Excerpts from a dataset
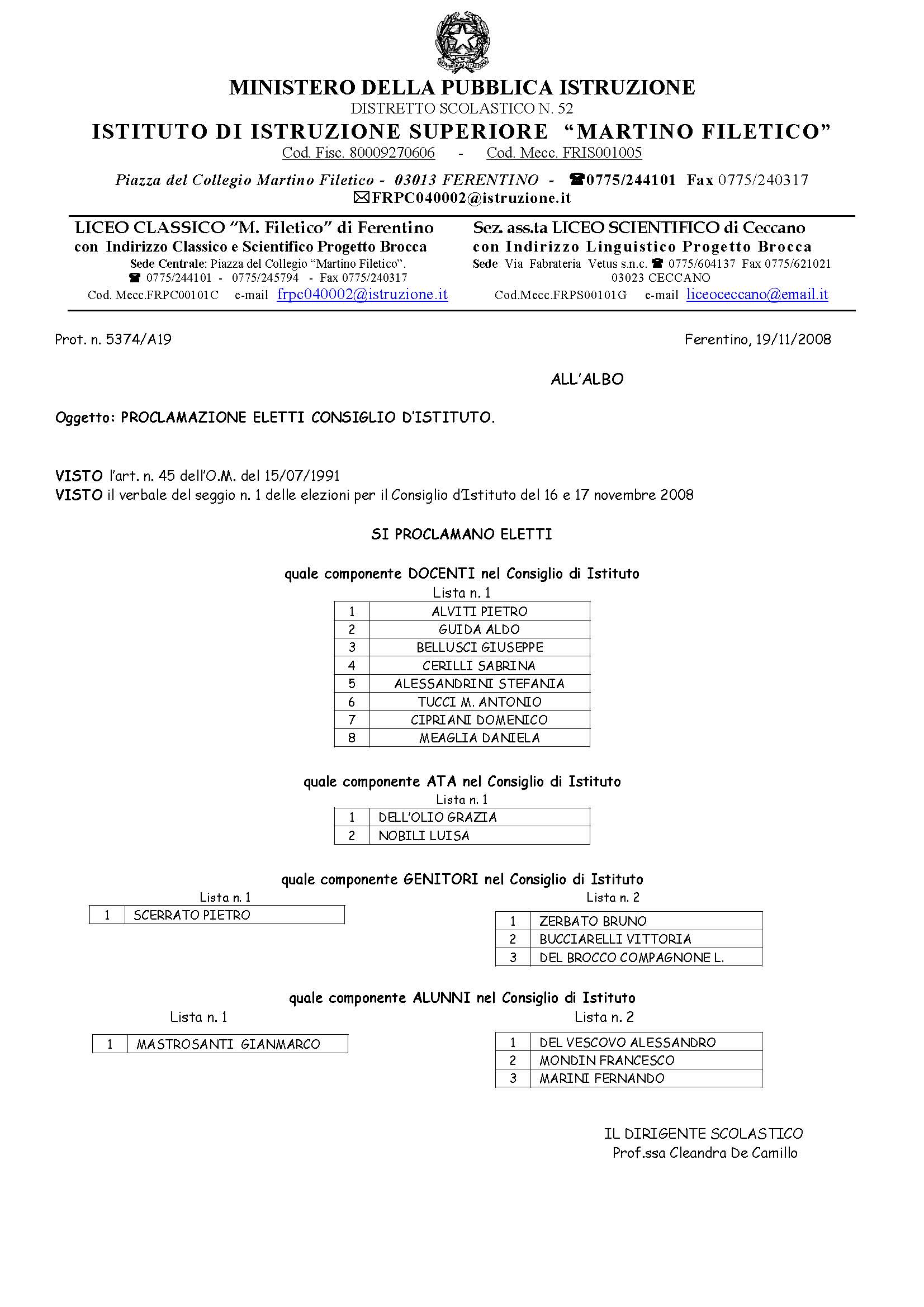 Domenica 16 dalle 8 alle 12 e lunedì 17 dalle 8 alle 13,30 sono gli orari d’apertura dei seggi per il rinnovo del consiglio d’istituto del Liceo. Devono essere eletti 8 insegnanti, 4 alunni, 4 genitori e 2 rappresentanti del personale non docente. Il Consiglio d’Istituto è l’organismo di partecipazione più importante per la vita del Liceo ed è unico per Ferentino e Ceccano. Il consiglio delibera sul tutti gli aspetti organizzativi: orari, corsi, acquisti, calendario delle lezioni, attività aggiuntive, viaggi e quant’altro riguarda la vita della scuola.
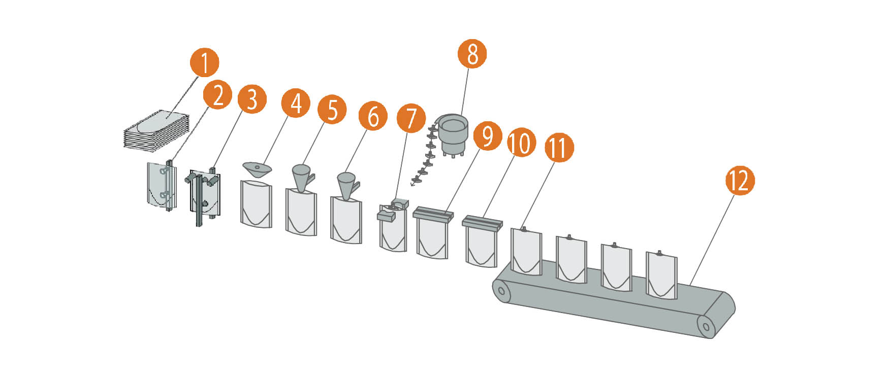 1.預(yù)制袋疊放 2. 翻轉(zhuǎn)取袋機(jī)構(gòu) 3. 開袋機(jī)構(gòu) 4. 吹氣機(jī)構(gòu) 5. 一次灌裝 6 二次灌裝 7. 加嘴裝置 8. 振動裝置 9 上封 I 10. 上封 II 11. 成品 12. 伺服托袋輸出
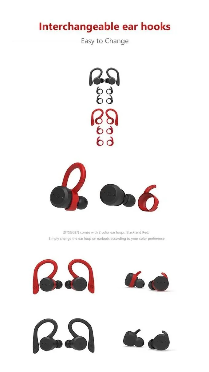 イヤーフック 2組(マットブラック1組、ディープレッド1組)
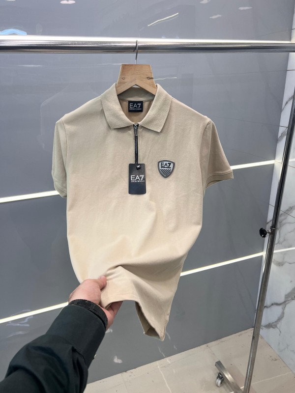 Emporio Arman_i Patch Logo with Zip Style T-shirt Beige Sale offer (512)
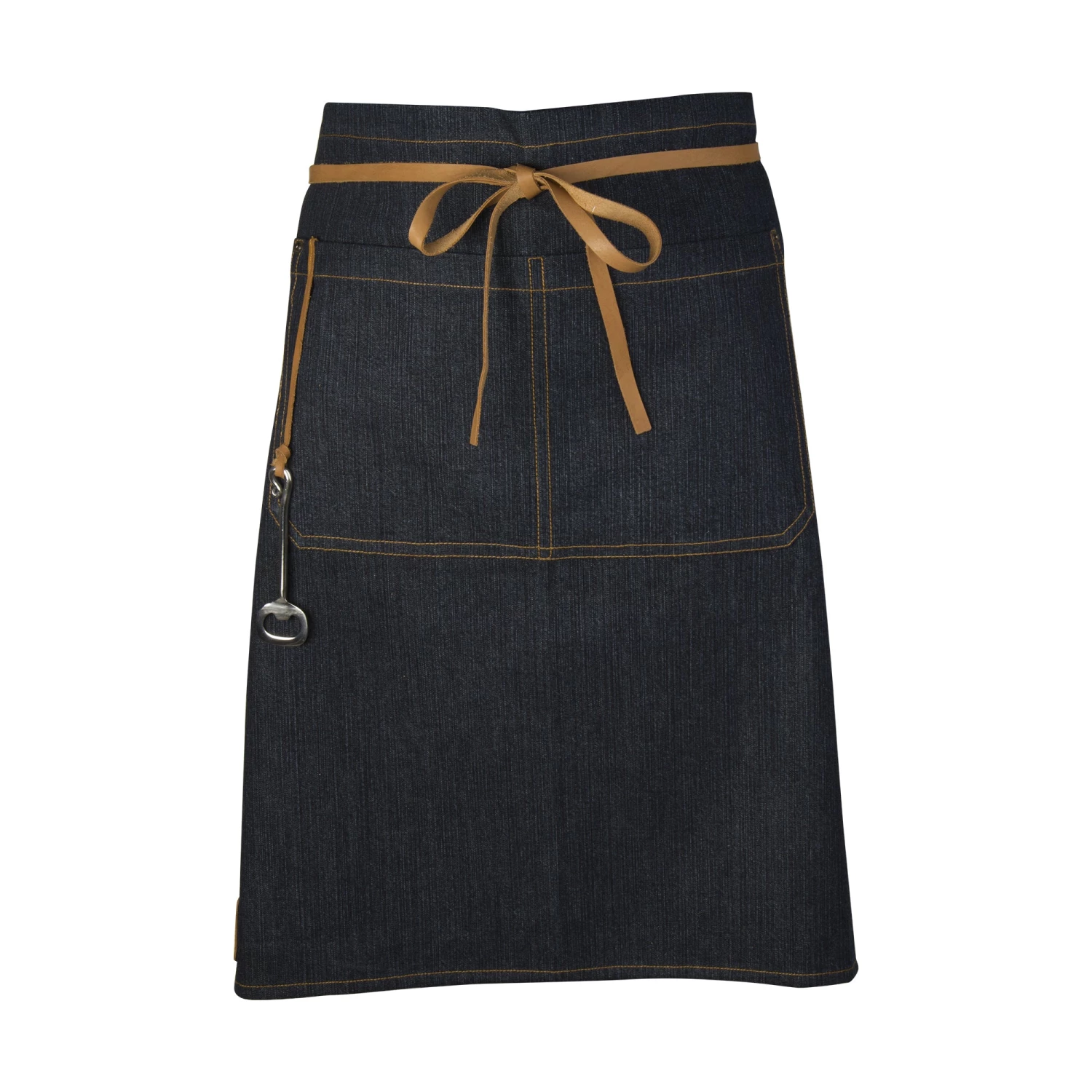 Cook and serve in this stylish cafe apron! Made of denim with leather waist ties and includes a stainless steel bottle opener with an embossed stamp on the leather patch. Includes two pockets.

_What the task asks_
Return the records above verbatim, leaving out images.

_Answer to this exercise_
 Domenica 16 dalle 8 alle 12 e lunedì 17 dalle 8 alle 13,30 sono gli orari d’apertura dei seggi per il rinnovo del consiglio d’istituto del Liceo. Devono essere eletti 8 insegnanti, 4 alunni, 4 genitori e 2 rappresentanti del personale non docente. Il Consiglio d’Istituto è l’organismo di partecipazione più importante per la vita del Liceo ed è unico per Ferentino e Ceccano. Il consiglio delibera sul tutti gli aspetti organizzativi: orari, corsi, acquisti, calendario delle lezioni, attività aggiuntive, viaggi e quant’altro riguarda la vita della scuola.
 1.預(yù)制袋疊放 2. 翻轉(zhuǎn)取袋機(jī)構(gòu) 3. 開袋機(jī)構(gòu) 4. 吹氣機(jī)構(gòu) 5. 一次灌裝 6 二次灌裝 7. 加嘴裝置 8. 振動裝置 9 上封 I 10. 上封 II 11. 成品 12. 伺服托袋輸出
 イヤーフック 2組(マットブラック1組、ディープレッド1組)
 Emporio Arman_i Patch Logo with Zip Style T-shirt Beige Sale offer (512)
 Cook and serve in this stylish cafe apron! Made of denim with leather waist ties and includes a stainless steel bottle opener with an embossed stamp on the leather patch. Includes two pockets.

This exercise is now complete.